Well-manicured golf courses are the ultimate image of beauty and serenity. They are perhaps only rivalled by large water bodies whose health and wellness effects are empirically proven.
So, imagine a landscape that provides both these features and you have the Lake Victoria Serena Golf Resort and Spa.
Located 18km south of Kampala on the banks of Lake Victoria in Kigo off Entebbe Road, the 18-hole course is part of a luxury real estate complex on about 300 acres.
It includes, among other features, Uganda’s first marina located on a man-made bay that, like the course, was sculpted out of Lake Victoria. The marina’s channel is about 30 metres deep and 100 metres wide, and meanders between the ninth and 18th hole.
The 18th is touted as the course’s signature hole — an island green near the centre of the channel that is well-guarded by bunkers.
Some local golfers who have already played the course lost several golf balls over its stretch of 347 yards from tee to green.
The course was developed in two phases by Golfplan Inc, an American architectural company that has built a global reputation for the finest golf courses in the world. The choice of architects aligned with the aspirations of the Lake Victoria Serena Golf Resort and Spa to build the best possible course in the region and tap into sports tourism.
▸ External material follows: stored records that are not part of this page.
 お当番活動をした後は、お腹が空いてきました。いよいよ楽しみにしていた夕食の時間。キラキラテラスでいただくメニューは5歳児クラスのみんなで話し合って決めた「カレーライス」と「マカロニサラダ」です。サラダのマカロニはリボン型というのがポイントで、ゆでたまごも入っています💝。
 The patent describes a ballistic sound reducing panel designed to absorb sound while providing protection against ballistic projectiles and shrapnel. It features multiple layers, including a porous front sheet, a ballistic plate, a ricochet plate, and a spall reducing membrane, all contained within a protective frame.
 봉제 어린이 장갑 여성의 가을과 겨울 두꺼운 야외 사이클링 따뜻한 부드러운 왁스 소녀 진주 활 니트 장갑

“The vision of the developers for the entire complex is to offer a fulsome experience both to guests at the hotel, which was developed first, people who take up residence in our Italian-styled villas and apartments and national and foreign golf enthusiasts seeking to play a tough course. Although the location of the complex at the lakeshore is already pristine, the course enhances that natural beauty and introduces the sort of challenge we believe is irresistible to golfers,” said Frank Nyakundi, the resort’s general manager.
The completed Serena Golf Course aims to attain the rating of Baobab Golf Course in the 2,500-acre Vipingo Ridge estate on the Kenyan Coast.
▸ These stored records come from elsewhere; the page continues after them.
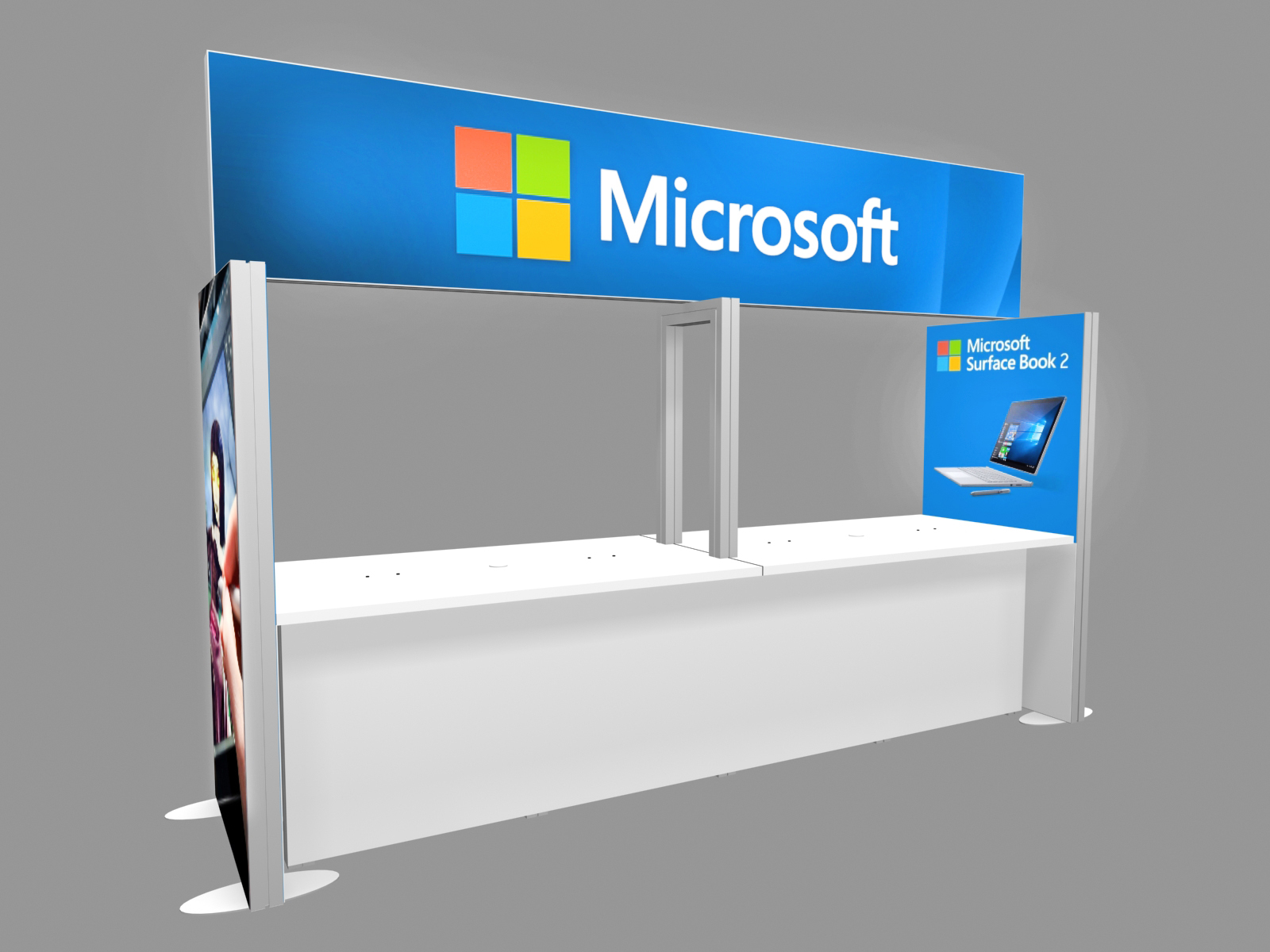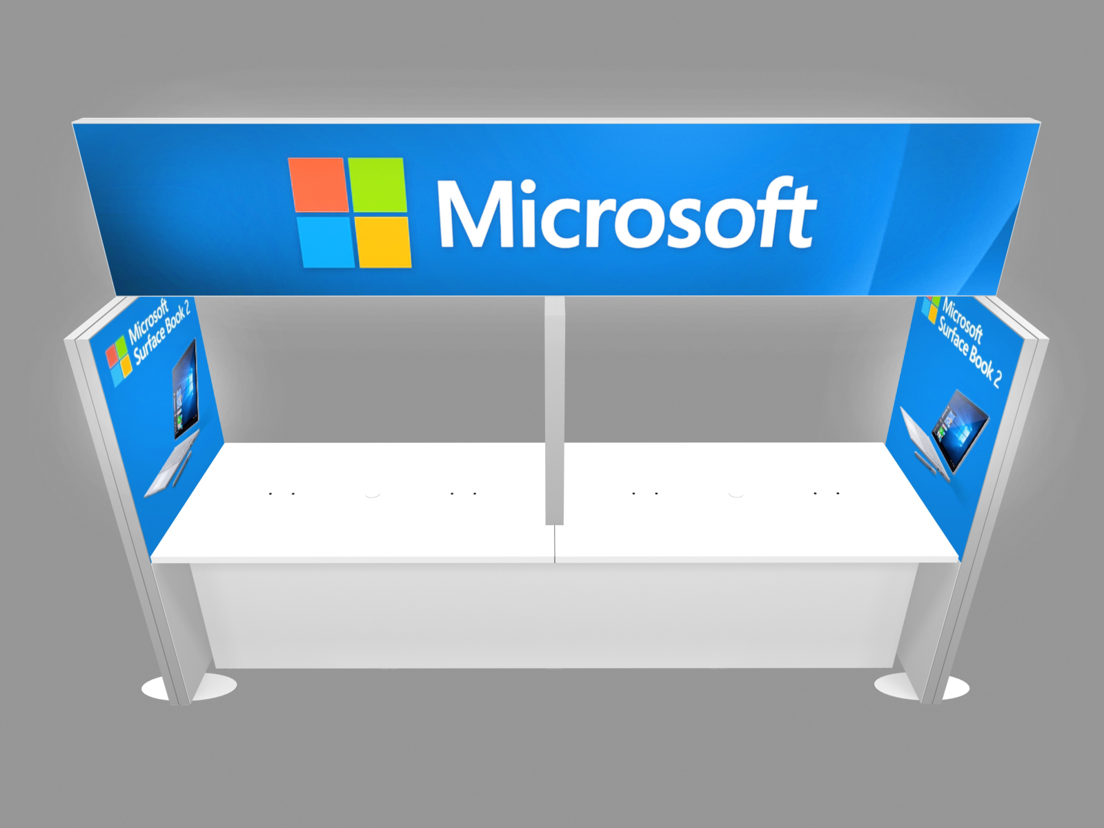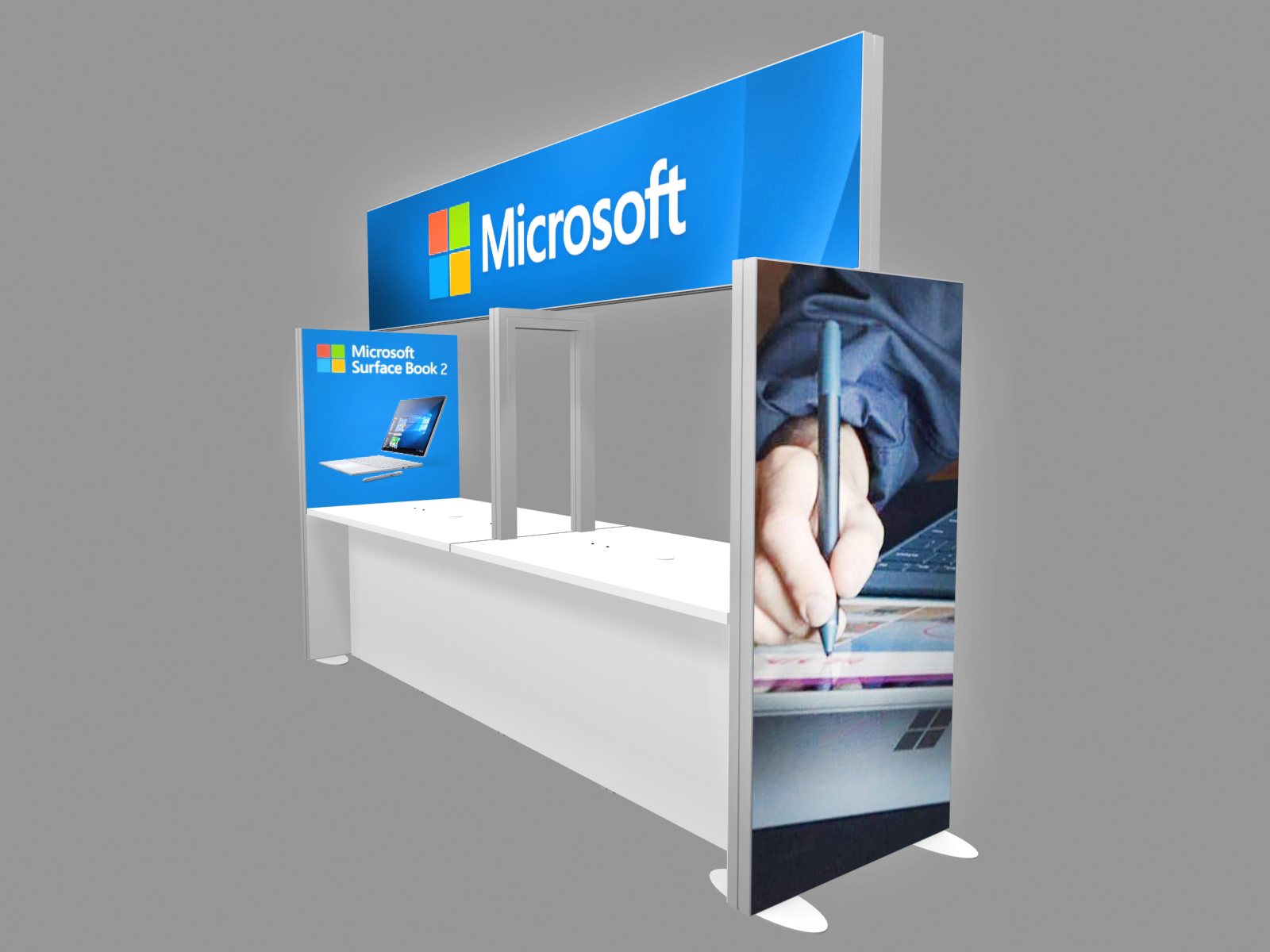 When choosing the right counter or pedestal for your display, consider how you will use it on the show floor. Do you need locking storage? Will the counter or pedestal hold a lead retrieval machine, laptop, or other electrical device? If so, you will need wire management. That may be as simple as ordering a grommet for the counter. If you are planning to use a tablet computer, consider the tablet insert option for the counter top. This option is practical, attractive, and secure for many tablets, such as an iPad.
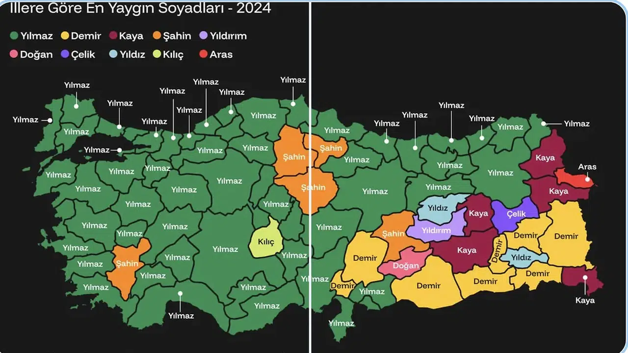 Türkiye İstatistik Kurumu (TÜİK) tarafından yayımlanan Nüfus İstatistikleri Portalı verilerine göre, Türkiye’de en yaygın soyadı “Yılmaz” oldu. Ülke genelinde 1 milyon 174 bini aşkın kişi Yılmaz soyadını taşırken, bu soyadı 70’ten fazla ilde en çok kullanılan soyadı olarak kayıtlara geçti.
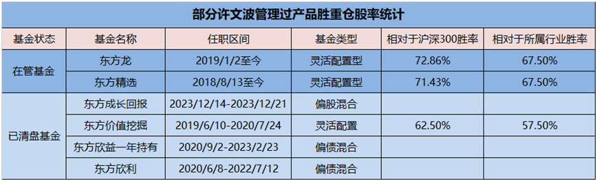 结合2019至2021年初是震荡上行行情,2021年初-2024下半年是震荡下行行情,2024下半年至今是结构性行情,分阶段分析,许文波独立管理的东方龙和东方精选,有如下几个特征:

The course is the only one in East Africa approved by the world-renowned Professional Golfers’ Association (PGA), joining the ranks of a select number of clubs around the world.
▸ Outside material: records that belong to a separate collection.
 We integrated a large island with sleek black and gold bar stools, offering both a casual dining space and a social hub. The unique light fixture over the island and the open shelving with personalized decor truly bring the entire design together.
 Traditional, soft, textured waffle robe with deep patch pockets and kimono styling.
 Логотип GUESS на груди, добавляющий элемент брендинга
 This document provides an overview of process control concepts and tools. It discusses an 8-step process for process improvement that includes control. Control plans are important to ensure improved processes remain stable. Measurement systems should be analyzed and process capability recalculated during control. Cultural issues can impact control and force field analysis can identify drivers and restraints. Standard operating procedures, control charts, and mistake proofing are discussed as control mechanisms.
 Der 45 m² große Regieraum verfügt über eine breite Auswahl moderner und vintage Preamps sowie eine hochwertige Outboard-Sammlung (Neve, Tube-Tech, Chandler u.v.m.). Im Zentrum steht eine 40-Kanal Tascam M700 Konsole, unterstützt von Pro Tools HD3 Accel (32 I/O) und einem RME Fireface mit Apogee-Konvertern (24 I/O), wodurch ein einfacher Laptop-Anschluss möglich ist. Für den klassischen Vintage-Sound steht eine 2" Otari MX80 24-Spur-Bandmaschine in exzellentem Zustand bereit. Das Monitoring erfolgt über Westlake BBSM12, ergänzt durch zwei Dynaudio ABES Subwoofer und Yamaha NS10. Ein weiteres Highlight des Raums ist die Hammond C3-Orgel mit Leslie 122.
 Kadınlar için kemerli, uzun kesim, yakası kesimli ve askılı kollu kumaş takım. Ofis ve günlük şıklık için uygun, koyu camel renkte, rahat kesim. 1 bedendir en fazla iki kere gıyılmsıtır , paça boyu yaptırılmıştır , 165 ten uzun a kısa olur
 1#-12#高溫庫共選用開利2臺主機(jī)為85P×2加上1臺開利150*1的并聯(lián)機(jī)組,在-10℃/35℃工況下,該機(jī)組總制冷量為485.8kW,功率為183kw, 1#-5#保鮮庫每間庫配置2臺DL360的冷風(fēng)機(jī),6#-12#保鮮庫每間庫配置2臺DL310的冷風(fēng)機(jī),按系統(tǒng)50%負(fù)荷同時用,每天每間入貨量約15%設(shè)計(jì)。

The affiliation, as the PGA touts it, “serves as a highly valued international seal of approval and assures visitors and owners that the course is built and maintained to a certain set standard.”
Interestingly, works on both courses actively began in 2009, with Serena’s involving part reclamation of some marshland adjacent to the picturesque Kampala-Entebbe Expressway.
The course incorporates small water bodies that teem with birdlife. The downwind from the lake supplies a constant breeze.
To golfers, this is certain to add to the challenge of playing the course. The course also utilises natural growths, especially the studded acacia trees, to amplify its natural theme and to blend in with its surroundings.
The result is a work of fine art with immaculate zigzagging freeways offering as much a cool ride for golf carts as a quiet stroll for anyone seeking some quality time alone. It is unsurprising that its proprietors position it as ideal for a romantic walk as well.
The first nine holes were completed in 2015, and unveiled in a championship sponsored by Johnnie Walker whiskey.
The second phase, which includes the marina, was started in early 2016 and will be unveiled on October 6, in an invitational-only competition slated to attract some 220 players, 42 of whom are professionals. Once again Johnnie Walker is the main sponsor and has put up Ush25 million ($6,500) as the prize for the overall winner. Such partnerships are central to the resort’s ambitions to get PGA approval.
“Partners are very important in the development of these facilities, since the bigger the prize money the more attractive the event. We are already in discussions with the organisers of the Sunshine Tour since it offers great short cuts to PGA recognition,” said Nyakundi.
Uganda Breweries, which markets Johnnie Walker in the country, agreed about the importance of partnerships. The company views the Serena Golf Resort as “an embodiment of progress” as its expansion provides world class facilities previously unavailable in Uganda.
“It is a triumph for golf in the region that Johnnie Walker is proud to associate with as a stylish global icon, which represents the idea of personal progress,” said Anne Nakiyaga, UBL’s luxury portfolio manager.
She added that the company is keen to maintain and grow its relationships with golf in general, and the resort in particular, because, “It is only through associations like these that the game can grow. UBL is keen to facilitate the building of progressive networks and connections at both personal and corporate level.”
Previous attempts to build professional golf courses in the country have failed. For example, Marasa Holdings tried to develop courses at its breathtaking safari lodges at Chobe and Mweya, located in the middle of Murchison Falls and Queen Elizabeth National Parks in the north and west of the country respectively.
Their plans were successfully resisted by conservationists who made watertight arguments about the distortions the specialised nature of golf course development would introduce to wildlife habitats, to the detriment of tourism.
Luckily, both lodges are within a short distance of existing courses in Pakwach (for Chobe) and Kasese (for Mweya). With or without courses inside the national parks, luxury golfing in Uganda is about to tee off.